帰ってきたのが10時すぎだったから、もう2時間近く飲み続けていたらしい。
冷蔵庫の中にストックしてあったビール缶はもう残り2本で、空き缶は10本を超えていた。

男の2人暮らしで大したアテもなくただひたすら飲んでいたせいでかなり酔いが回った俺はもうベッドに行くことすら面倒だとそのままソファに横になる。

もしこのまま、朝日が差し込んできて目が覚めるなんてことになったら俺はまた落ち込むことになるんだろうな、と、随分とネガティブなことを考えながら重たい目を閉じた。
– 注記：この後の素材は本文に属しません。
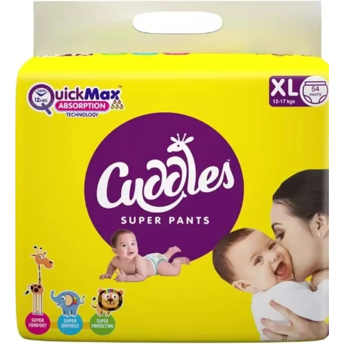 The Cuddles Super Pants Style Diaper is a comfortable and reliable pant-style baby diaper designed to keep your little one dry and happy throughout the day and night. These disposable diapers come with an elastic waistband that makes them easy to wear and remove—just like regular pants—making diaper changes quick and stress-free. With Quick Max Absorption technology, these diapers rapidly absorb moisture and lock it in, helping keep the baby’s skin dry and comfortable for up to 12 hours. They also feature a 3D leak guard and breathable, skin-friendly materials that help protect delicate skin and reduce the risk of rashes, giving both parents and babies peace of mind during daily use.
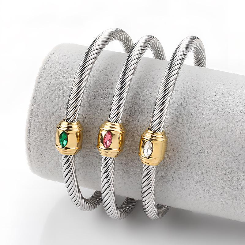 18K Gold Non-Fading Zircon Inlaid Titanium Steel Twist Open Bracelet

身体が揺すられる感覚に、酔った頭ではアイツが帰ってきたのだと理解できず、肩に触れている感触を手で払ってソファの背もたれに顔を埋めると、頭をパシッと叩かれてようやく目が覚めた。

「誠、起きろって、風邪ひくよ」
「・・・あー・・・おかえり」
「ただいま。ったく、どんだけ飲んでんだよ」
「・・・知らね」
「飲んだ缶ぐらい片付けろ」

口で文句を言いながらも、缶を集める音に身体の下敷きになっていたスマホで時間を見ると夜中の1時前だった。
終電前に帰ってきたのか。少し緩んだ頬を戻して身体を起こすと、キッチンから呆れた顔のアイツ、祐生がこちらを見ていた。

「明日休みだからって、ハメはずしすぎ」
「あー、悪い」
「ろくにもの食べてないじゃん。体壊すって」
「あぁ」

スーツから着替えもせずにせっせとゴミをまとめた祐生は深い溜め息を吐いて俺が座るソファに近づいてくる。
なんだよ、全部俺が悪いわけじゃないだろ、と恨めしく思いながら見つめていると、何も言わずに俺の横に腰掛けた。

その瞬間、祐生から香ってきた女物の香水に、眉を潜めてソファの端へ身体をずらすと怪訝そうな表情を浮かべて祐生が口を開いた。

「なに?なんで避けんの」
「・・・別に」
「別にってことないでしょ。なんなの?・・・あぁ、せっかく休み前なのに飲み会行ったから?」

分かってたのかよ、と無視を決め込んでいると、距離を詰めてきた祐生が俺の肩に腕を回す。そのせいでまた香ってきた香水に眉間にシワを寄せるとそこを祐生の指がグリグリと押した。

「なぁって。なんでそんな嫌そうな顔してんの」
「・・・臭ぇんだよ」
「は?・・・酒臭いってこと?そんなの誠もだけど」
「香水だよ、香水」
「え、香水・・・?」

祐生が香水をつけていないことなんて知っているのに、なにを言っているんだという表情で自分のシャツを引っ張って匂いを嗅いだ祐生は、あぁ、と納得した顔で頷いた。

「酔ってよろけた女の子支えたからその時に移ったのかも」
「・・・へぇ」
「つか、そんなに強くないのによく分かったな」
「・・・お前の匂いじゃないから」
「うっわぁ・・・なんか変態くさい」
「うるせぇ」

呆れ顔で言った祐生に、もういいと不貞腐れ具合がマックスになった俺は、回された腕をどかして寝室へと向かう。
こんな時、ベッドが別々だったらよかったのかもなと考えなくもないが、寝る時くらいしかそばにいる時間がないことが多いのを考えるとこの家にもう一つベッドを用意しようとは思えなかった。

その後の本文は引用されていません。